= 1891 Wellington colonial by-election =

By-election in New South Wales, Australia

A by-election was held for the New South Wales Legislative Assembly electorate of Wellington on 29 May 1891 because of the death of David Ferguson.

==Dates==

| Date | Event |
|---|---|
| 5 May 1891 | David Ferguson died. |
| 12 May 1891 | Writ of election issued by the Speaker of the Legislative Assembly. |
| 22 May 1891 | Nominations |
| 29 May 1891 | Polling day |
| 1 June 1891 | Declaration of the poll. |
| 6 June 1891 | The Legislative Assembly was dissolved, and writs were issued by the Governor to proceed with a general election. |
| 11 June 1891 | Return of writ |
| 20 June 1891 | Poll at Wellington |

==Candidates==
- Michael O'Halloran was the proprietor of the Wellington Times and Australian Industrial Liberator, founded to support the labour movement, and one of the pioneers of the Labour Electoral League, that would become the Labour Party.
- Alexander Riddel was a former minister, proprietor of the Broken Hill Times, advocate for a single tax, and another of the pioneers of the Labour Electoral League He had previously stood as a Free Trade candidate at the 1889 election for Inverell.
- Thomas Quirk was the manager of flour mills owned by the former member David Ferguson and was an alderman on the Wellington Council.
- Thomas York was a stock and station agent in Wellington and a former Mayor of Wellington.

Both O'Halloran and Riddel claimed to represent the Labour Party and engaged in a public dispute as to who had been chosen by the unions to represent the workers of Wellington.
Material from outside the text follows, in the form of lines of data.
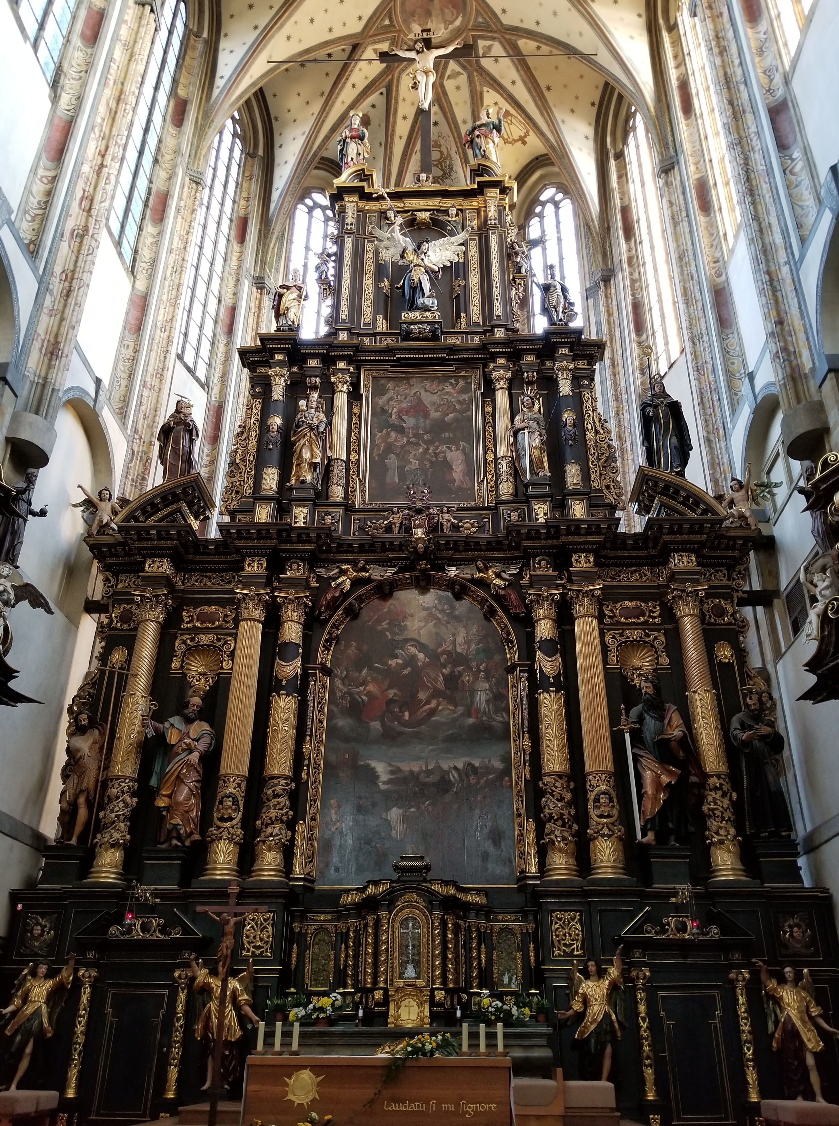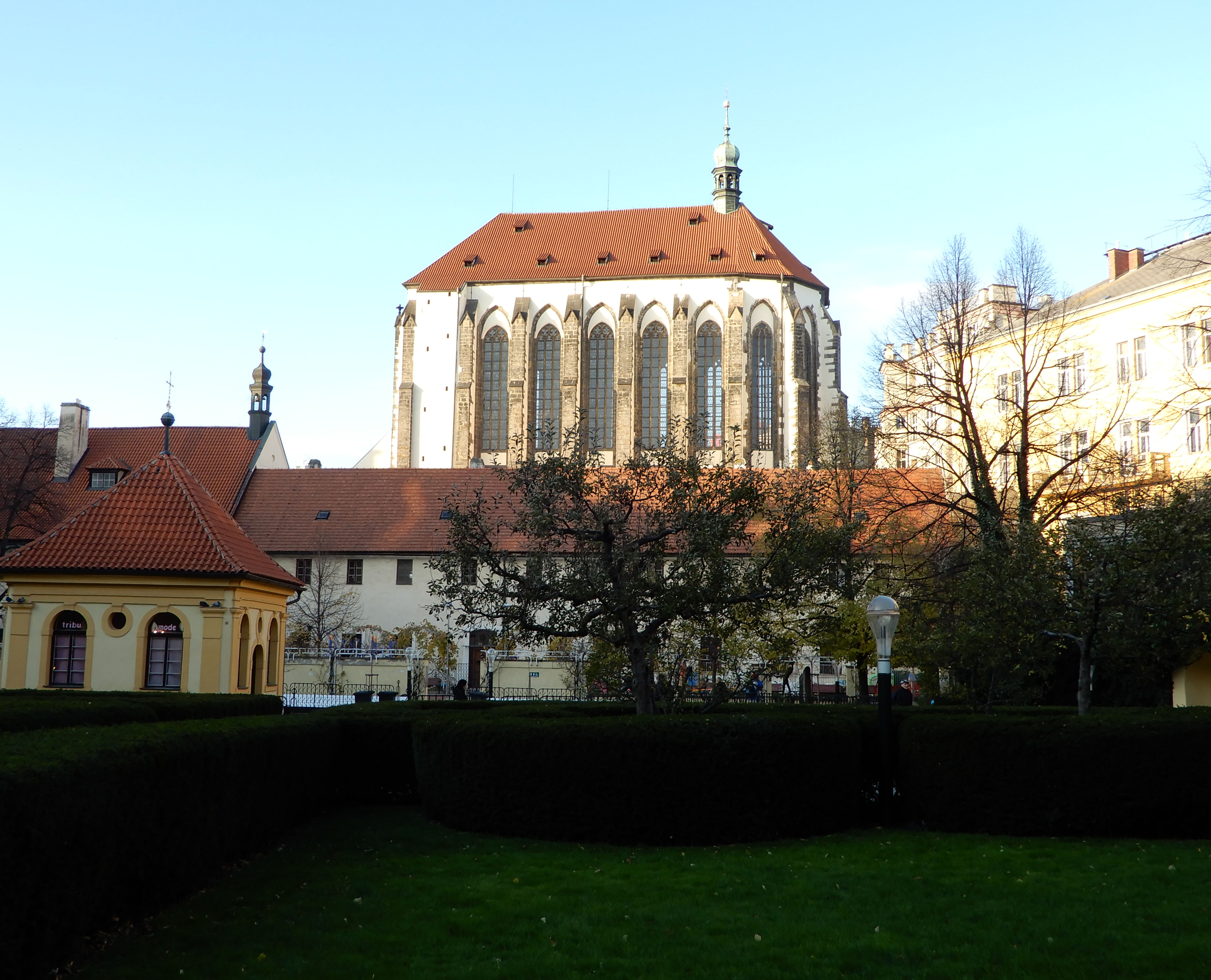 Further on our scavenger hunt we located the walled secret Franciscan Gardens, a 14th century lush public garden. From here we could see the Church of Our Lady of the Snows rising up above the skyline. To make our way to the Church, we wound through a couple of Cubist public art installations that were also part of our hunt. The interior of the Church was breathtaking. The Church stood open with almost no one around welcoming anyone seeking shelter. Surprisingly we were the only apparent tourists and a couple of only a few people present. It felt almost like we were someplace that we weren’t suppose to be and we had snuck in.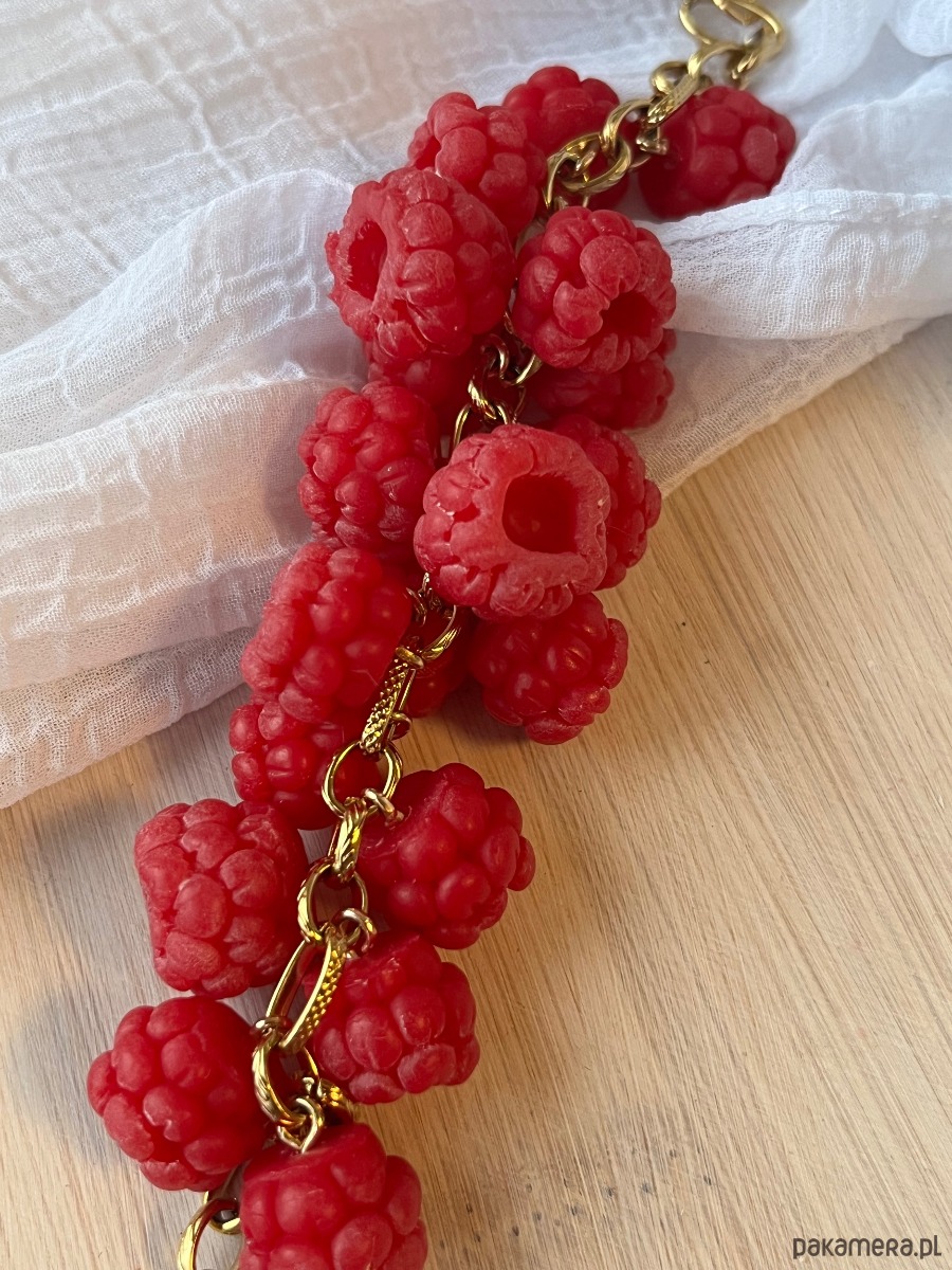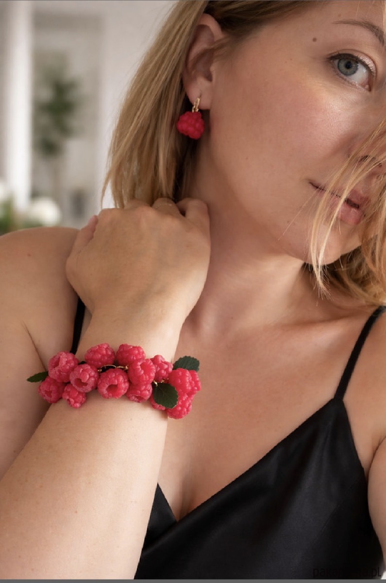 Oryginalna, owocowa biżuteria inspirowana naturą i latem. Soczyste maliny w intensywnym kolorze czerwonym przyciągają uwagę i dodają stylizacji wyjątkowego charakteru.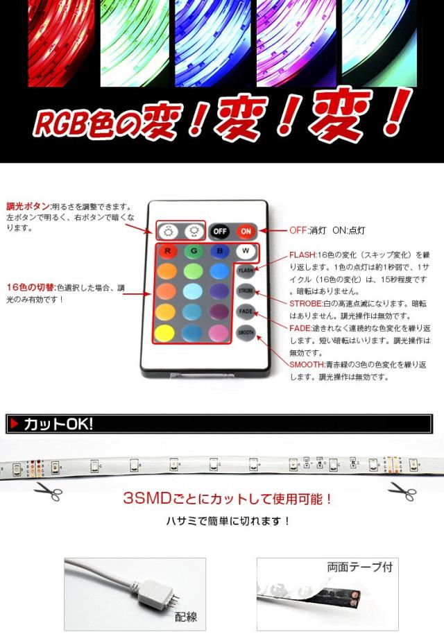 LEDテープライト 12V 超高輝度 16色RGB LED イルミネーションテープライト |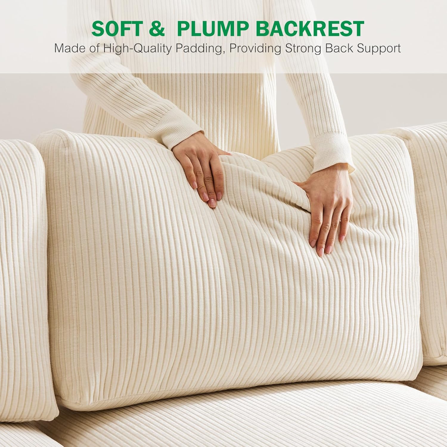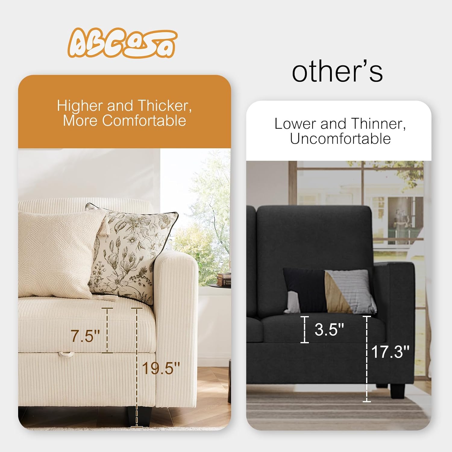 38.5 Oversized Accent Chair with Storage Ivory Corduroy Set of 2, Single Modern Accent Sofa with Arms Chair for Apartment Living Room (21" Deep Seat)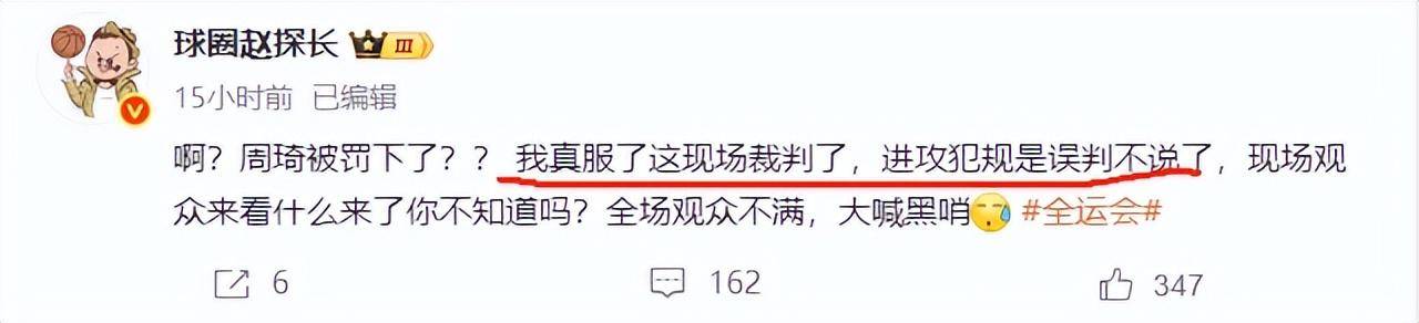 不仅是CBA赛场有很多争议哨,今年的全运会赛场也有严重的争议哨。

Antony Green labeled O'Halloran as a Protectionist and Riddel as a Free Trader, which reflects their positions on the fiscal issue, one of the issues which would divide the Labour Party following the 1891 election.

==Result==

1891 Wellington by-election Friday 29 May
| Party |  | Candidate | Votes | % | ±% |
|---|---|---|---|---|---|
|  | Protectionist | Thomas York (elected) | 292 | 31.0 |  |
|  | Protectionist | Thomas Quirk | 285 | 30.2 |  |
|  | Labour | Michael O'Halloran | 221 | 23.4 |  |
|  | Labour | Alexander Riddel | 145 | 15.4 |  |
| Total formal votes |  |  | 943 | 100.0 | +3.3 |
| Informal votes |  |  | 0 | 0.0 | −3.3 |
| Turnout |  |  | 943 | 58.5 | +1.9 |
|  | Protectionist hold |  |  |  |  |

David Ferguson died.

==Aftermath==
York did not get to take his seat as parliament was prorogued the day after the declaration of the poll, and dissolved on 6 June for a general election. York, Quirk and O'Halloran each contested the election on 20 June, with similar results, York was elected with a slightly increased margin.